Tumbling in the Sand
The texts for Sunday, July 24, 2011 are: 1 Kings 3:5–12; Psalm 119:129–136; Romans 8:26–39; and Matthew 13:31–33, 44–52.
“for we do not know how to pray as we ought, but that very Spirit intercedes with sighs too deep for words” -Romans 8:26b
Words. It might come as a surprise to some, but words do not come easily to me. Particularly when they are trying to express something important, something deep in my heart, something hoped for, longed for, or maybe just something I really, really believe. Also, when I’m angry or sad or defensive or really joyful even, words just fail me. Sometimes—many times—words seem so … rough, clunky, off-the-mark, inadequate. Kind of ironic that I ended up being called to a ministry where words, where THE WORD, is so important.

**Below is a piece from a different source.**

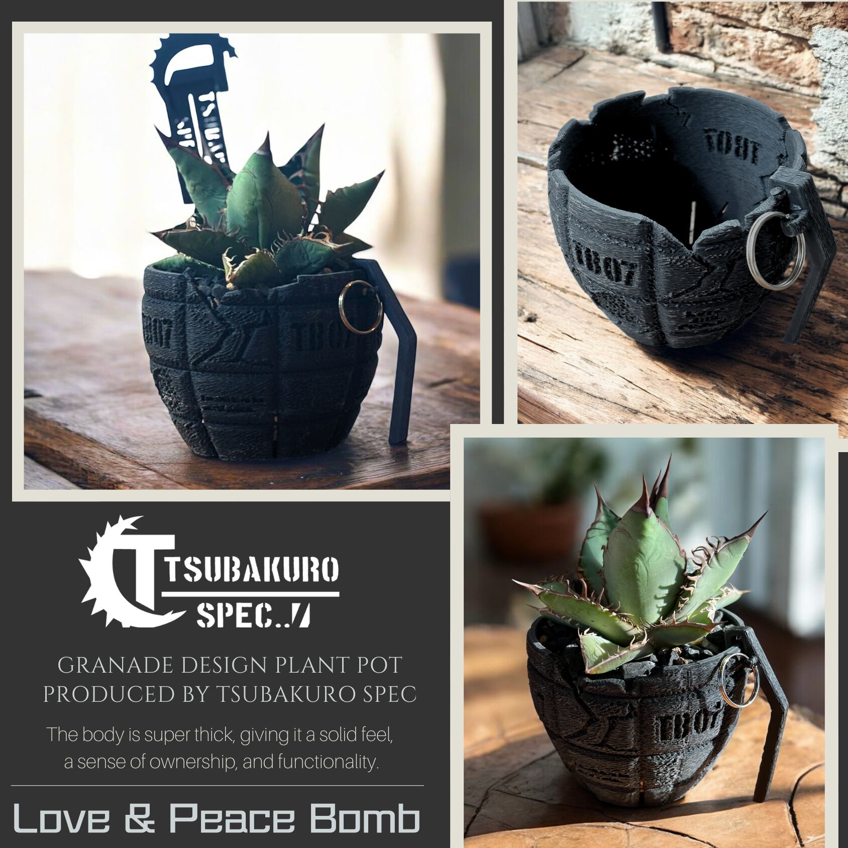 【作家鉢】Love & Peace Bomb / 3Dプリント鉢 4号 アガベ 塊根植物

I take great comfort, then, in this half a verse here in one of the (many) most famous, most favorite passages in Romans. Because so often I feel like what I pray, what I hope for, what I plead with God isn’t really well described in the words that I struggle with. Besides that, sometimes I’m not even sure what I hope for! or if I’m hoping for the right thing! I mean, that’s part of the reason that we do so much “discernment” and “visioning” in the churches and in our own lives: it’s not to reinforce what we think we already want, it’s to figure out what we actually want to be hoping for. And even after all that is said and done, we still only have an idea, a shadow of a hope, a belief and trust that God is moving and that God is calling us to step out into ventures of which we cannot see the ending by paths as yet untrodden…
And that is the amazing part of this promise that Paul speaks: even when I don’t know what to pray for or how to pray for it, even when my words are clunky, miss-the-mark, and are inadequate, even when all I have is tears or laughter or a sigh, even when all I have is fear of the unknown and silence … God is there. The Spirit is breathing in and out with the rise and fall of my chest, sighing, groaning, dancing the true hopes, fears, joys, frustrations and sorrows that I have—making everything that I am and I will be holy and placing it all in the loving hands of God, where it will never, ever, ever be forgotten.